VASG finances and runs research and outreach programs centered on safe and sustainable seafood, healthy coastal and marine ecosystems, sustainable coastal communities and coastal and ocean literacy. VASG is concerned with ensuring healthy coasts, not just for the marine life that inhabits them, but also for the communities that depend on them.
Other Virginia Sea Grant institutions are Old Dominion University, the University of Virginia, the Virginia Institute of Marine Sciences, Virginia Commonwealth University and Virginia Tech.

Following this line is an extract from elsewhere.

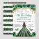 Celebre um aniversário especial com estilo com este convite elegante que apresenta uma princesa de pele escura em um lindo vestido verde escuro. Rodeada por flores lindas e borboletas delicadas, este design emana sofisticação e charme. Perfeito para uma celebração de aniversário mágica, captura a essência da graça e da beleza, tornando-o ideal para quem procura um convite de aniversário único e personalizado. Defina o tom para um evento inesquecível com este convite encantador e elegante.
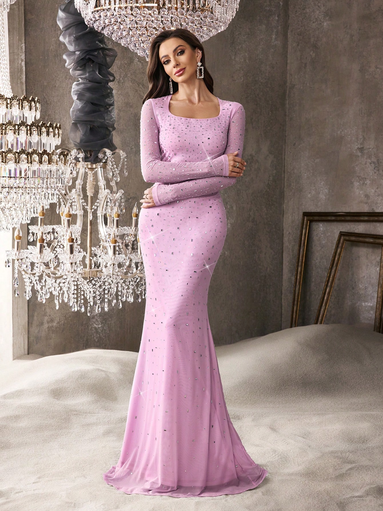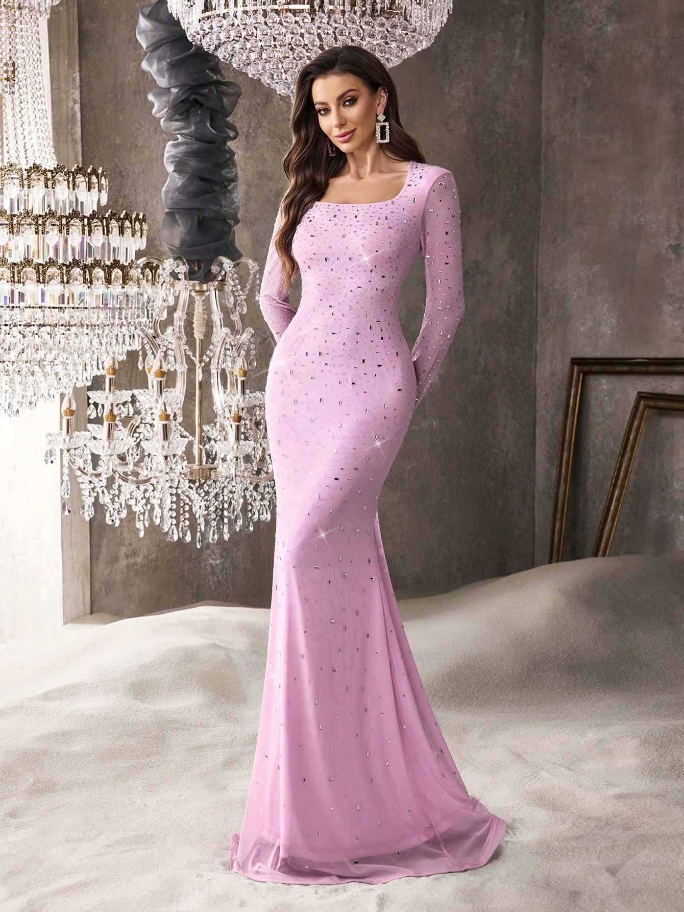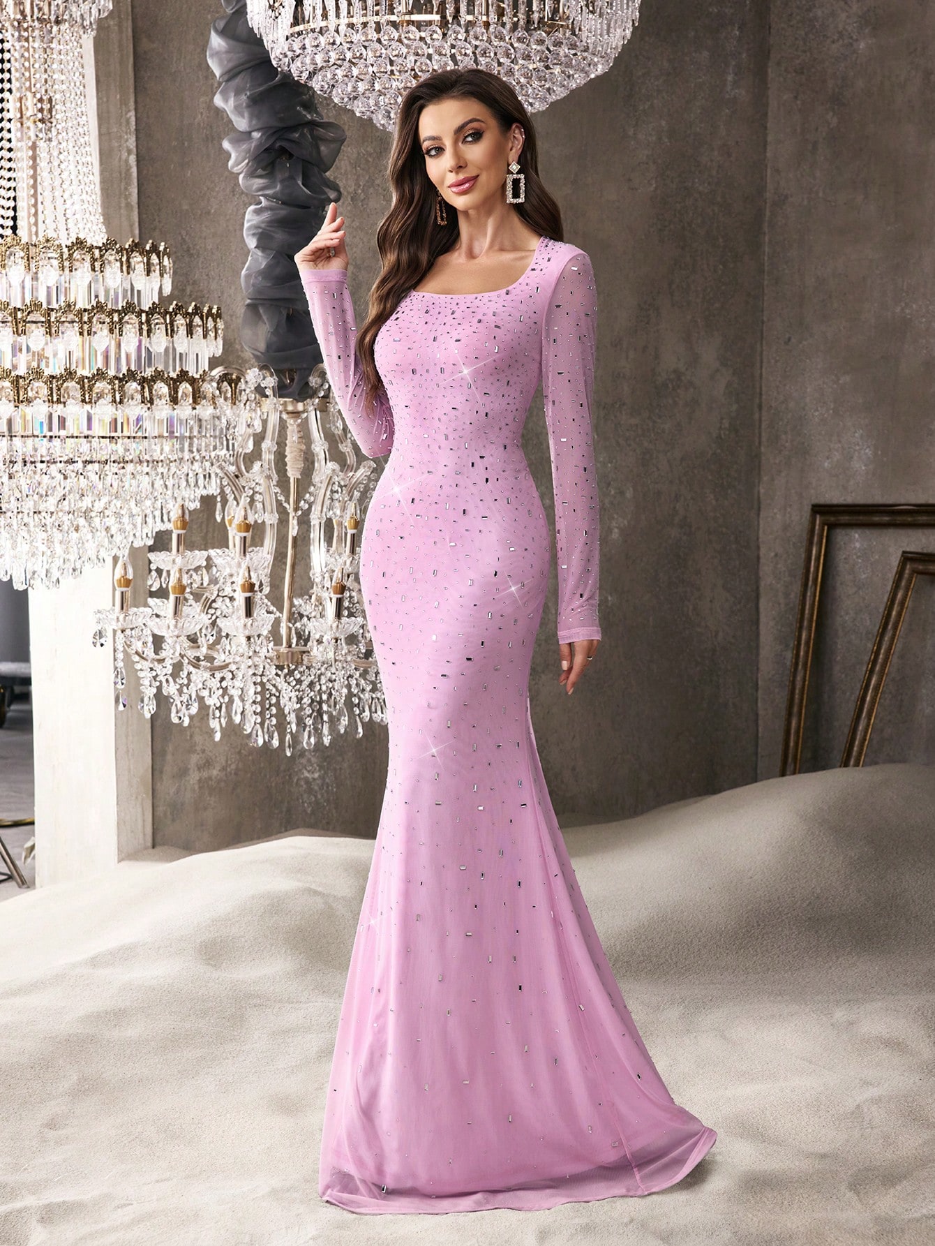 Elegant High-End Rhinestone Embellished Evening Gown, Suitable For Formal Events, Galas, Charity Balls, Carnivals, Black Long Sleeve Mermaid Dress

Mason’s first role as a VASG partner is as lead institution for the Community Adaptation to Sea-Level Rise and Inundation (CASI) project. Investigators from several institutions will be researching how to better communicate to the public the effects of sea-level rise along the coast of Anne Arundel County, Md., in order to facilitate decision-making for policies that can minimize impact and protect resources.
“George Mason University is increasingly becoming a leader in marine science and the policy and social science of coastal adaptation to climate change,” says Mason environmental science and policy doctoral candidate and co-investigator Karen Akerlof. “Partnering with Sea Grant recognizes the university’s growing regional role in these areas and provides more opportunities for knowledge-sharing, collaboration and research.”
She adds, “Working with Sea Grant is a fantastic opportunity for our team to conduct research on public engagement in the development of community policies to address sea-level rise.”